Tune query parameters
Hologres sets default parameter values based on internal benchmarking. These defaults work well for most workloads — change them only if you have a specific reason.
| Parameter | Default | Notes |
|---|---|---|
hg_foreign_table_max_partition_limit | 512 (max: 1024) | Maximum partitions scanned per query. Setting this too high degrades performance. |
hg_experimental_query_batch_size | 8192 | Batch size for each read from a MaxCompute table. |
hg_foreign_table_split_size | 64 MB | Size per split when accessing a MaxCompute table. For large tables, increase this value to avoid excessive splits. Available in Hologres V1.1 and later. |
hg_foreign_table_executor_max_dop | Number of instance cores (max: 128) | Maximum concurrency for foreign table access. Keep this low to prevent foreign table queries from starving other workloads. Available in Hologres V1.1 and later. |
hg_foreign_table_executor_dml_max_dop | 32 | Maximum concurrency for DML statements on foreign tables. Limits resource consumption during data import and export. Available in Hologres V1.1 and later. |
Do not set hg_foreign_table_executor_max_dop to a very low value such as 1. Doing so can concentrate load on specific workers during concurrent read and write operations, triggering OOM errors.

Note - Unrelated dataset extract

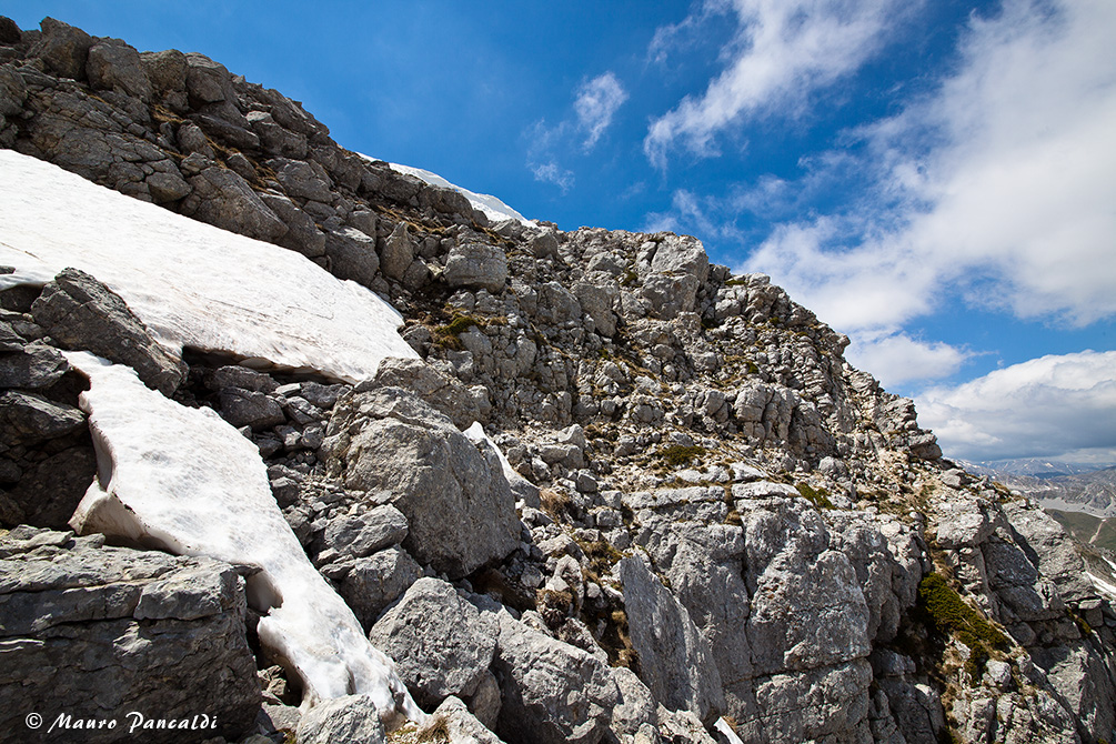 Sulla sella di giunzione fra la creste di Cima a Mare e Monte a Mare.Sulla sella di giunzione fra la creste di Cima a Mare e Monte a Mare.

Example: Adjust the maximum partition limit:
-- Default: 512. Maximum: 1024. Do not set too high.
SET hg_foreign_table_max_partition_limit = 128;Example: Adjust the split size for large tables:
-- Default: 64 MB. Increase for large tables to reduce the number of splits.
SET hg_foreign_table_split_size = 128;Example: Limit concurrency for foreign table access:
-- Default: number of instance cores. Maximum: 128.
SET hg_foreign_table_executor_max_dop = 32;